Computational Constraints on Syntactic Processing in a Nonhuman Primate

See allHide authors and affiliations

Science  16 Jan 2004:
Vol. 303, Issue 5656, pp. 377-380
DOI: 10.1126/science.1089401


The capacity to generate a limitless range of meaningful expressions from a finite set of elements differentiates human language from other animal communication systems. Rule systems capable of generating an infinite set of outputs (“grammars”) vary in generative power. The weakest possess only local organizational principles, with regularities limited to neighboring units. We used a familiarization/discrimination paradigm to demonstrate that monkeys can spontaneously master such grammars. However, human language entails more sophisticated grammars, incorporating hierarchical structure. Monkeys tested with the same methods, syllables, and sequence lengths were unable to master a grammar at this higher, “phrase structure grammar” level.

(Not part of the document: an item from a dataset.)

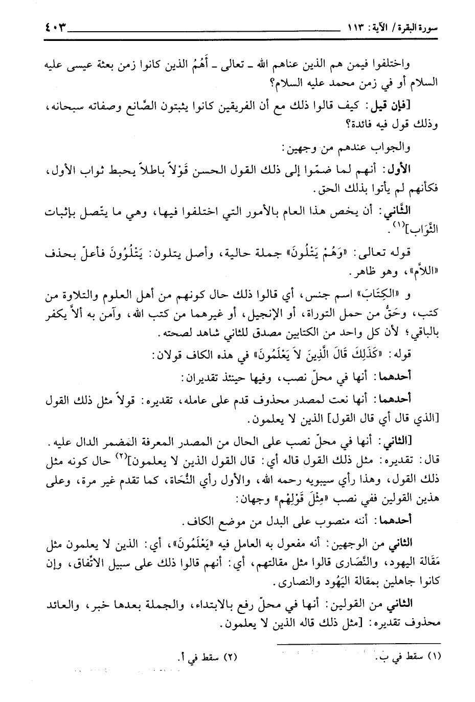 [الثاني: أنها في محلّ نصب على الحال من المصدر المعرفة المضمر الدال عليه. قال: تقديره: مثل ذلك القول قاله أي: قال القول الذين لا يعلمون] حال كونه مثل ذلك القول، وهذا رأي سيبويه رَحِمَهُ اللهُ، والأول رأي النُّحَاة، كما تقدم غير مرة، وعلى هذين القولين ففي نصب «مِثْلَ قَوْلِهم» وجهان:

Syntax is one key component of human language, with no known equivalent in animal communication systems. The limitless expressive power of human language requires structures, termed phrases or sentences, above the word level (or, by analogy, above the single call level in animals). Linguistic syntax involves the rearrangement and permutation of such abstract hierarchical structures, often with concomitant changes in meaning. The production and perception of these hierarchical syntactic structures is a core capability underlying human linguistic competence. This level of organization goes far beyond the simple concatenation procedures sometimes called “syntax” in animal communication (13). However, the evolution of the language faculty presumably involved the incorporation of some ancestral primate cognitive capabilities. Thus, a critical question is whether hierarchical processing was one of these preexisting abilities, perhaps evolved to serve noncommunicative functions (e.g., motor control, number, or social cognition) (412).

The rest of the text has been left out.